Councilors agreed that City Hall may differentiate between a regular contracted trash haul-off service and what the attorney described as “one-off service,” such as the case in construction, demolition or other short-term jobsite trash collection.
“You can grant a thirty-day waiver for a one-off job,” the attorney said.
“We don’t have roll-off Dumpsters,” City Administrator David Wright said after being asked whether Cotulla could serve commercial clients’ needs. “They cost six to seven thousand dollars each, and we would collect only two thousand dollars in trash fees over a year. It takes more than a couple years to recoup the cost.
“We don’t always have the Dumpsters,” Wright said of demands for service. “We are hurting in a department that was already hurting.”
The city’s solid waste collection service operates as a separate department from other utilities. Finance officer Ernesto Garcia III told councilors in May that the department remains approximately $95,000 in the red after having to purchase a new garbage truck. Revenues in solid waste collection topped $487,000 last month but expenditures were still pegged at $583,000. The fund is the only one at City Hall presently operating at a loss.
Garcia told councilors that the department’s account is recovering from the expenditure and has gained approximately $18,000 since his last monthly report.
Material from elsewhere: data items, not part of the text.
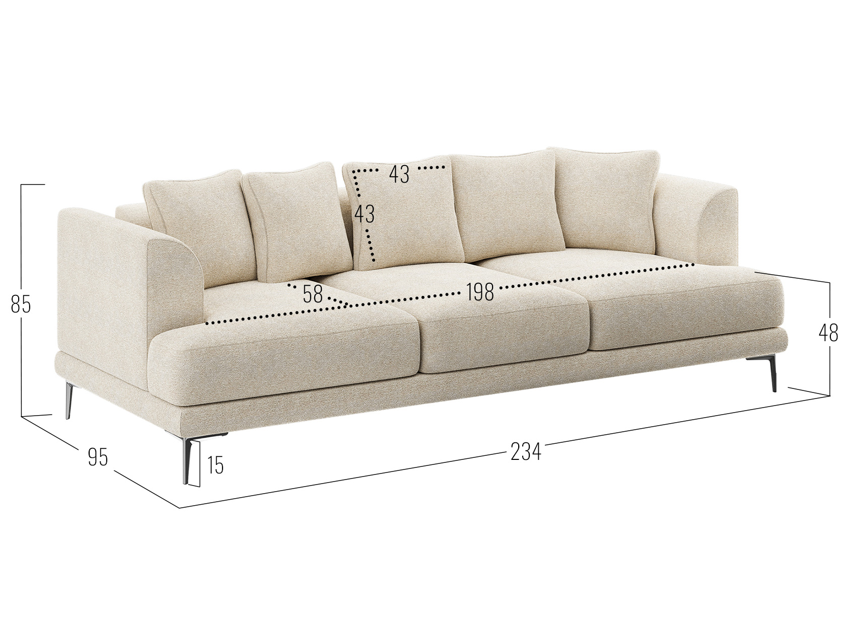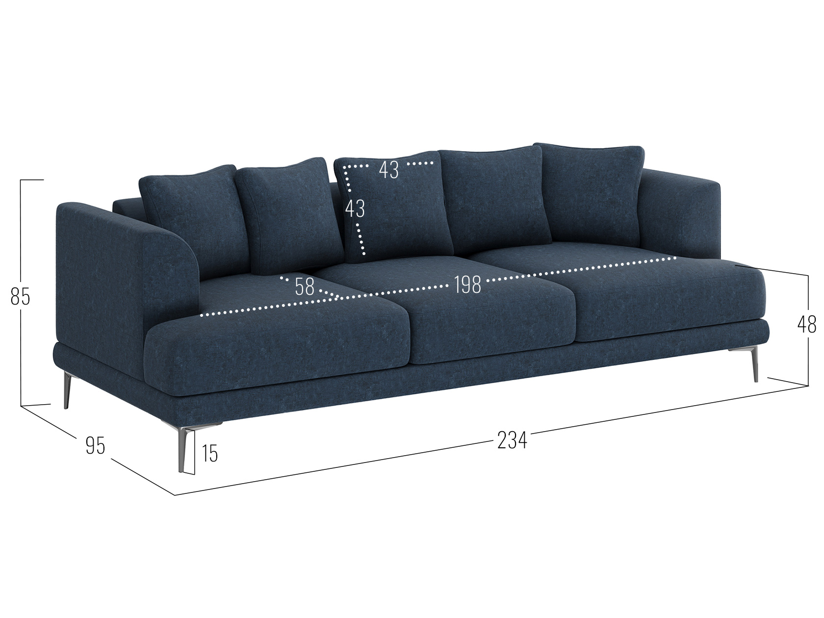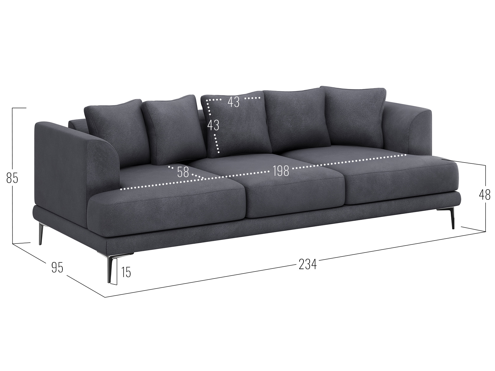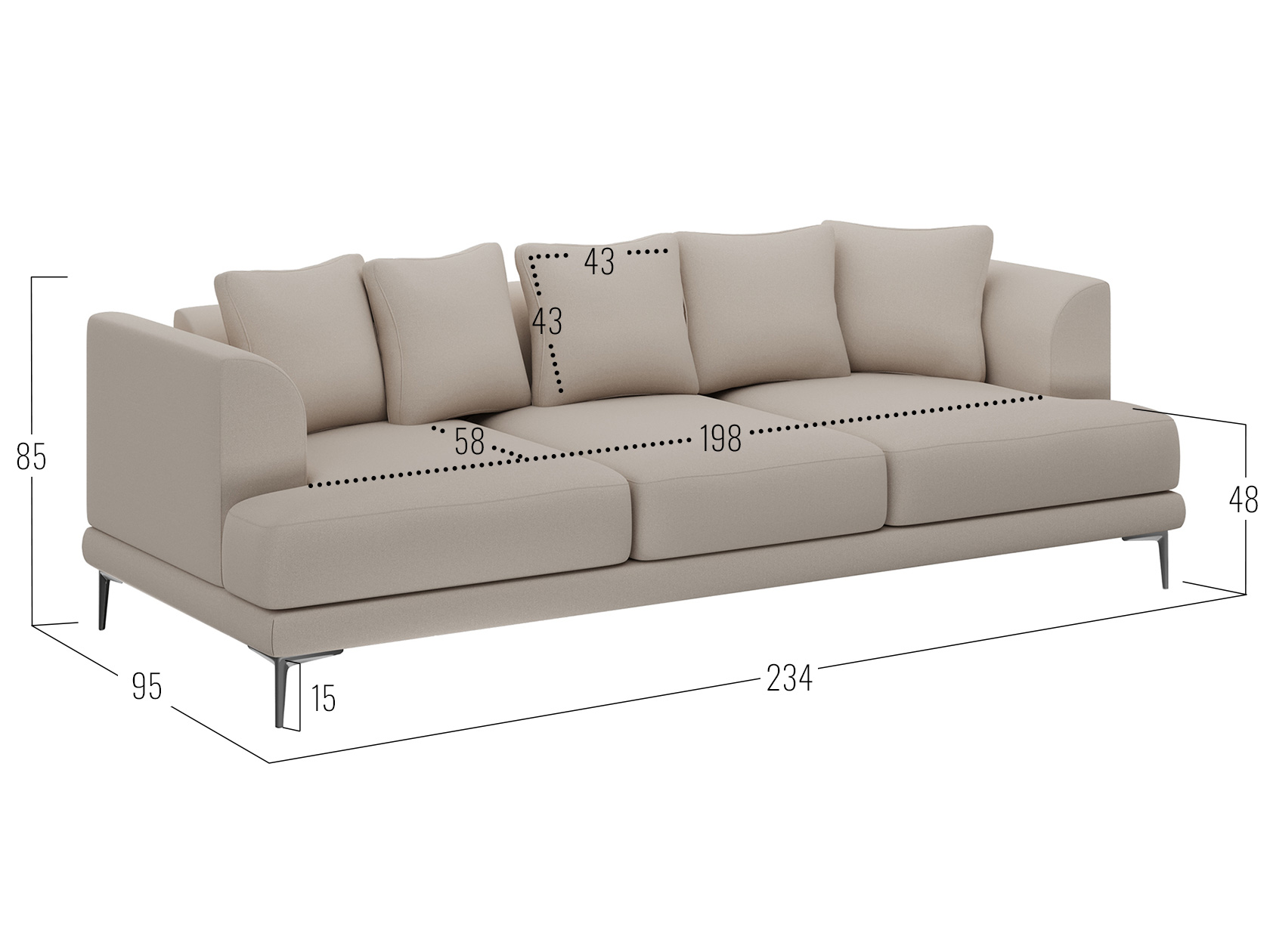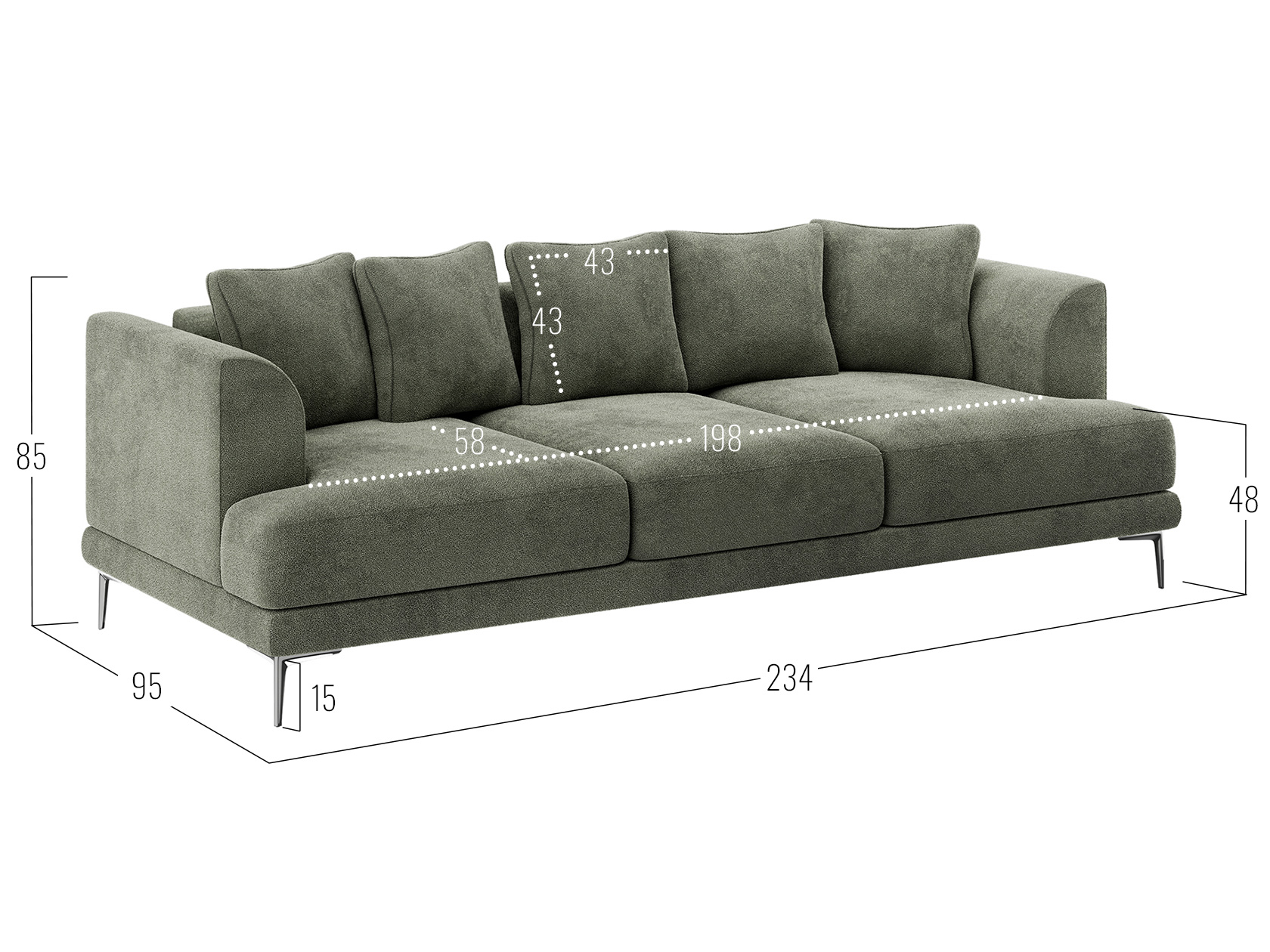 Посадочное место без подушек (ШхГ): 198 х 77 см.
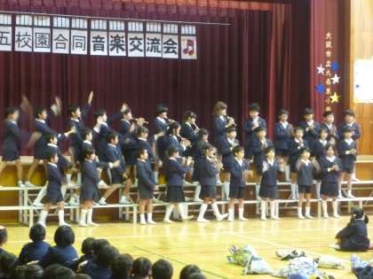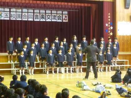 本日、九条東小学校で「五校園合同音楽交流会」が開催されました。
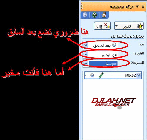 نقوم الان باختيار .. عرض الشرائح ... حركة مخصصة ... توكيد

Councilors were also told that a franchise fee for trash haulers is traditionally set at five percent of their contract with a client.
The new ordinance offers City Hall an opportunity to earn income in solid waste collection despite not providing the actual service.
Atty. Pena countered that the ordinance may apply to few operators.
“Is this a solution in search of a problem?” Pena asked. “There’s not much construction going on here.”
Wright said the ordinance will include a requirement that independent trash haulers pay an annual fee of $1,000 upon registering with City Hall and before making their franchise fee payments.
The city attorney said that an ordinance has advantages in regulating all trash collection services but acknowledged that rule enforcement is complicated by the fact that Cotulla cannot offer the same service itself.
“It’s hard to tell them to get their Dumpster out of here when we are the ones who told them to go get a Dumpster,” Pena said.
“I would like to be in a place that we have the Dumpsters that we need,” the city administrator said.
Both Wright and Pena said they believe an ordinance will prevent inequality or favoritism on the part of the city, such as allowing one business to use a hauler at will and then barring another.
Those who do not register a service with City Hall or pay the prescribed fees will be subject to daily fines of up to $2,000.
The city administrator conceded during later discussions at the May meeting that the city does not presently have its own code enforcement officer. Joey Garcia resigned his position last month.
“Companies know that any city they work in has these ordinances,” the city administrator said. “Everybody has to pay.”
“It’s not going to be a big money maker,” the city attorney said. “This applies to anyone who brings in some kind of trash device.”
The motion to establish an ordinance was made by Councilor Tanis Lopez, seconded by Councilor Gilbert Ayala and supported unanimously.